11 Ways to Improve Gas Turbine Fog System Performance

If you have one of the thousands of gas turbine inlet air fogging systems installed over the last 25 years then there is a good chance that you may need to upgrade your system to get it to run at peak performance and reduce maintenance costs.

Before upgrade                                             After upgrade

Maintenance is key to produce efficient and effective fogging. Older parts need to be replaced or repaired and obsolete technology needs to be upgraded. Demand for renewable energy production caused increased demand for peaking power. This means power plants need state-of-the-art fogging systems more than ever. Here are 11 crucial improvements to make to boost your gas turbine fog system performance:

Modern high-pressure pumps require much less maintenance than older pumps

1. Seal-flushed pumps

Demineralized water causes rapid pump seal wear, resulting in frequent maintenance requirements. Upgrading to seal-flushed pumps can extend the seal life to 6,000 hours or more by circulating re-mineralized water through the cavity between the high and low pressure seals.

2. Water lubricated pumps

Upgrading to water lubricated pumps offers many advantages. They can run up to 8,000 hours between rebuilds and eliminate the need to change pump crankcase oil every few thousand hours.
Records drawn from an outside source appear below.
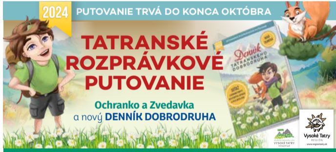
1. 6. 2024 - 31. 10. 2024, VYSOKÉ TATRY

Pokojná hladina Štrbského plesa sa premení na „tatranské Benátky“. Zažite podujatie plné romantiky a bohatého programu. Atmosféru večera budú dotvárať dobové barokové kostýmy, atraktívne zrkadlové sochy a výnimočný hudobný program. | The tranquil waters of Štrbské pleso (tarn) will transform into „Tatra Venice.“ Experience an event filled with romance and a varied programme. The evening's atmosphere will be enhanced by period baroque costumes, attractive mirrored sculptures and an exceptional musical programme.
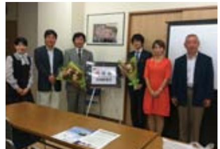
講演者の皆さまと企画担当した支部役員とで記念撮影をしました。
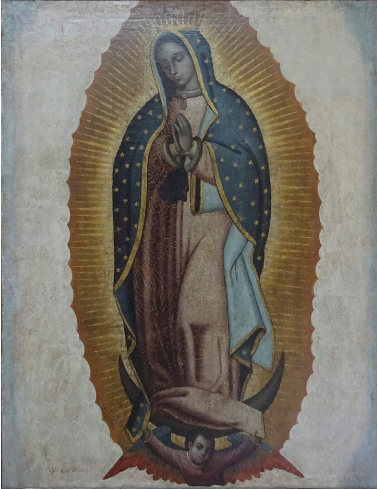
Fig. 9. Virgen de Guadalupe . Pedro LÓPEZ CALDERÓN. Primer tercio del siglo XVIII. Cripta del templo de Santa Mónica en la Colonia del Valle, Ciudad de México.

para su exportación directa a Sevilla, como se había llegado a pensar previamente, cuando no se le conocían otras fuera de este contexto. También se ha podido localizar —y damos a conocer en primicia—, un tercer ejemplar inédito, ubicado en la cripta del templo de Santa Mónica en la Colonia del Valle de la Ciudad de México. Este, de factura más sencilla pero no ausente de interés, nos demuestra que, aunque Pedro López Calderón debió pintar la mayoría de sus réplicas guadalupanas para la exportación, hubo casos excepcionales que, ajenos al fenómeno del tornaviaje, satisficieron la demanda local mexicana y no llegaron a embarcarse hacia la Península.
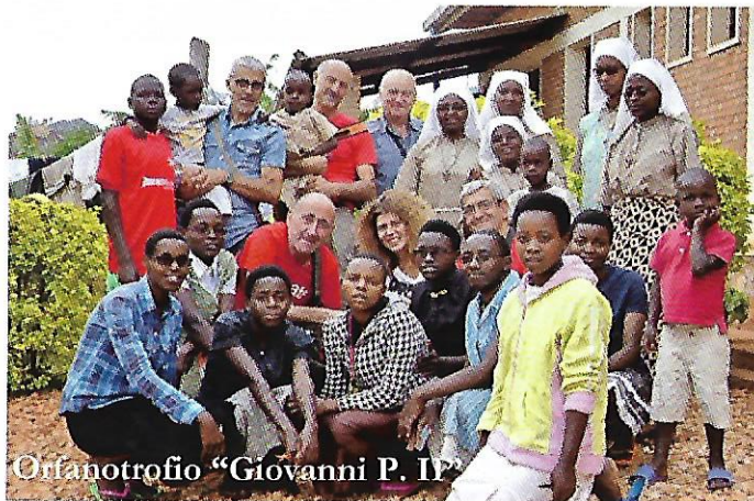
Orfanotrofio "Giovanni P. II"

Non erano ancora missioni umanitarie, ma servivano a farci conoscere il territorio e le sue problematiche.
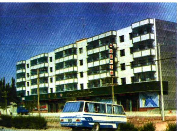
一团建在阿克苏市的金银川商场
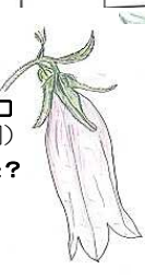
ホタルブクロ (植物生態園) *火垂が由来?
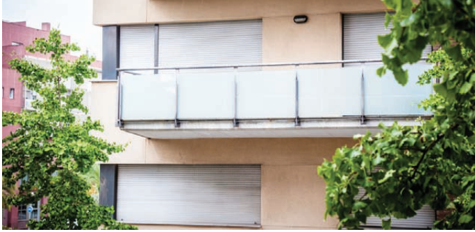
Als pisos de lloguer els canvia la retenció el 2016
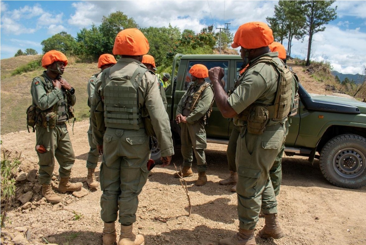
Entrenamiento de tropas que participarán en la Fuerza Multinacional de Observadores, MFO, en la Península del Sinaí.
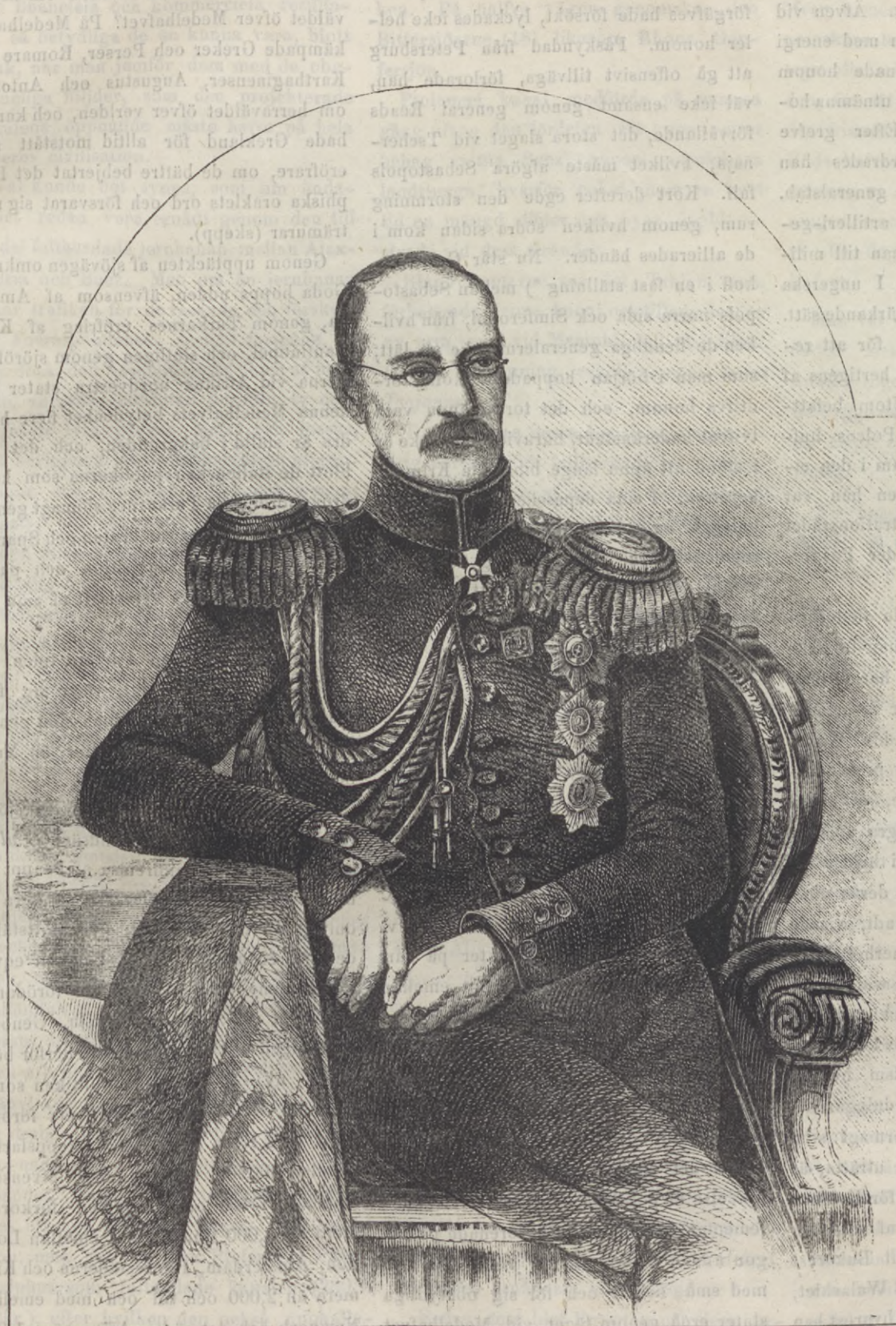
Generaladjutant furst Michael Dimitri Gortschakoff.

N:o 5. Ut kommer hvarje Söndag. Göteborg den 27 Januari 1856. Pris för år: 6 R:dr 32 sk. B.co. X årgången

The addition of high pressure filters and automatic drain valves can reduce nozzle plugging

3. High pressure filters

Pump seal wear introduces small particles into high pressure pipes, which can result in frequent fog nozzle plugging. High pressure filters, installed downstream of the pumps, capture these particles and can greatly reduce fog nozzle maintenance.

4. Duct drainage systems

Duct drainage systems should be capable of removing any flowing or pooling water from the duct so un-atomized water is not suctioned into the compressor. Some early installations did not include properly designed drainage systems. Viewing windows, to allow visual inspection of fog nozzle manifolds or the conditions at the compressor inlet can also be installed.
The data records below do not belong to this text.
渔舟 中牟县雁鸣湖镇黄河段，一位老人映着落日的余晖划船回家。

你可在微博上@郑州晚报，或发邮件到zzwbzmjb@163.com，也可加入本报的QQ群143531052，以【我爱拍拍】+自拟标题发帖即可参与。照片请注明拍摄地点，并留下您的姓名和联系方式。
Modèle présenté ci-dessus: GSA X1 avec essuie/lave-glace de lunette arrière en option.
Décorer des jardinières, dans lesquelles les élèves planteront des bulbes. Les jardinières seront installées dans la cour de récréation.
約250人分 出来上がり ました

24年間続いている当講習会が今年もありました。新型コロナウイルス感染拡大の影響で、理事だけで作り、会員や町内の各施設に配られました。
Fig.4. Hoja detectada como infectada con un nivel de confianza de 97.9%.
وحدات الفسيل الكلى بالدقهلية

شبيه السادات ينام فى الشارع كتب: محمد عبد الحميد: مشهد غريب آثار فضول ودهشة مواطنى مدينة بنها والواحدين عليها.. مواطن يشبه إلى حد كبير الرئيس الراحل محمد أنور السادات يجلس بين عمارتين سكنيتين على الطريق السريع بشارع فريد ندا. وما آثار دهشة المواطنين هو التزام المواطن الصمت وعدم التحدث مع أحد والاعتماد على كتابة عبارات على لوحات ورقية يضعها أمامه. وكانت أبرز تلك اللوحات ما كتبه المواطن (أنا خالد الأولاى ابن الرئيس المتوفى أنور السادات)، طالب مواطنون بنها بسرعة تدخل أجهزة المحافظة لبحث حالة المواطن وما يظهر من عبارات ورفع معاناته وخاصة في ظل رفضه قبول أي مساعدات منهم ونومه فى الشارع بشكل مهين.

Some early systems have nozzle manifolds that don’t cover the full cross section of the inlet duct

5. Fog nozzle reconditioning

Nozzles should be visually checked annually to ensure proper operation. Mee Industries offers a nozzle reconditioning service to keep nozzles in top shape. Nozzles that cannot be reconditioned are replaced with new nozzles. Some operators keep a spare set of nozzles. This way nozzles in need of service can be quickly replaced, even during a short outage, and returned for reconditioning.

6. Correctly designed fog nozzle lines

It is important that nozzle lines distribute the fog nozzles across the entire airflow. If nozzles are not properly distributed some areas in the airflow can have more fog than can evaporate and other areas can have no fog. This can result in poor cooling performance, excess water accumulation on duct surfaces and temperature differences across the compressor inlet.
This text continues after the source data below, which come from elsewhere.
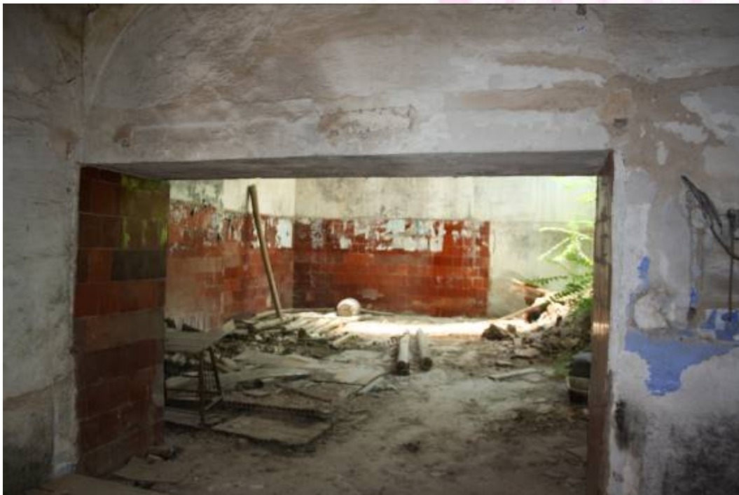
Vista interior de la parte destinada al molino de aceite

PLAZA DE ESPAÑA, 1 - 23740 ANDÚJAR (JAÉN)
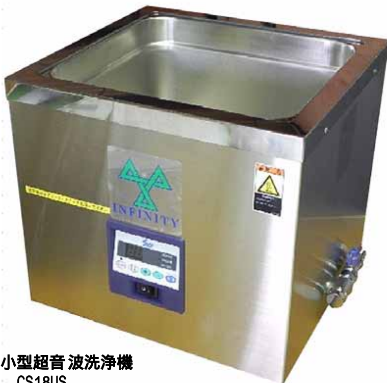
加温式小型超音波洗浄機 CS18US
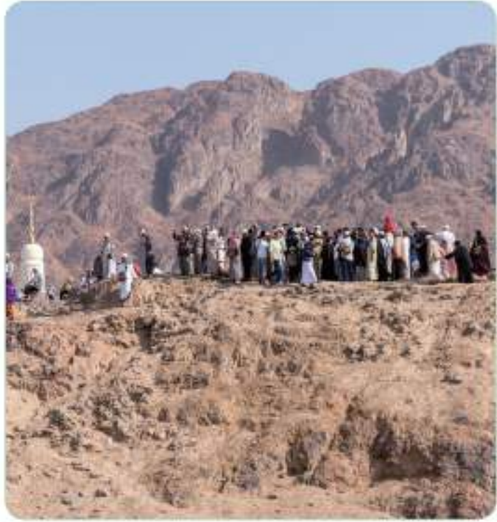
Uhud Savaşı'nın yapıldığı Uhud Dağı'nı ziyaret eden Müslümanlar

Ayneyn Tepesi'ni gören bir yerde, Halid bin Velid komutasında atlı bir birlik bulunuyordu. Savaşın başından beri okçuları gözetleyen Halid bin Velid komutasındaki atlı birlik hemen harekete geçti. Bu birlikteki müşrik askerler, tepede kalan okçuları şehit ettiler. Daha sonra da nasıl olsa savaşı kazandık düşüncesiyle ganimet toplayan Müslümanlara arkadan saldırdılar. Bu olayı görünce savaş alanından kaçmakta olan müşrikler de geri döndüler. Böylece Müslümanlar iki ateş arasında kaldı. Müşriklere ait iki güç arasında kıskaç altında kalan Müslümanlar paniğe kapılıp Peygamberimizin (s.a.v.) belirlediği savaş düzenini de bozdular. Bitti zannedilen savaş yeniden şiddetlendi. Bu kargaşada birçok Müslüman şehit oldu. Sevgili Peygamberimiz (s.a.v.) de yaralandı. Kendisine isabet eden bir taşla Hz. Peygamber'in (s.a.v.) dudağı yarıldı, dişi kırıldı. Bazı Müslümanlar, Hz. Peygamber'in (s.a.v.) şehit olduğunu zannedip iyice paniklediler. Allah'ın Resûlü (s.a.v.) yaşıyordu. Sevgili Peygamberimiz (s.a.v.), çevresindeki Müslümanlarla beraber Uhud Dağı'na çekildi.

Upgrading old parts and technology means better performance and less regular maintenance

7. Stainless steel braided hoses

Replace old rubber hoses with high-quality stainless steel braided hoses and get maintenance-free operation for many years.

8. TIG welded nozzle adapters

In the early years of gas turbine fogging, fog nozzle adapters were often soldered or brazed onto the stainless steel fog lines. Over the years these joints have been known to fail. TIG welding creates a nozzle adapter joint that will last indefinitely.

Upgrading old parts and technology means better performance and less regular maintenance

9. Programmable logic controllers (PLCs)

Early fog systems often have PLCs that are no longer supported by the manufacturer, which makes reprogramming them impossible. MeeFog offers a PLC replacement that can be done in a few days in the field. Control software can then be upgraded.

10. Fogging at below base load

Early fog systems were designed to operate only when the gas turbine is above base load. If the gas turbine is often operated below base load this can be a problem. When the GT ramps up to base load, the fog starts and GT output spikes. To avoid this problem, the control software can be modified to allow for below base load operation of the fogging system.

Additional Wet Compression Power Boost

MeeFog wet compression skid

11. Wet compression for increased power boost

Wet compression consists of spraying more water into the inlet duct than can evaporate. The additional fog spray is carried by the airflow into the compressor where it evaporates and gives an intercooling effect. This reduces the work of compression so the turbine produces more power.

MeeFog has installed many wet compression systems on turbines ranging from aeroderivatives to modern F-Class turbines with fog flow rates of as much as 2.5% of the gas turbine air mass flow. Injecting 1% of the air mass flow as wet compression can produce a power boost of 5% or more, depending on the gas turbine.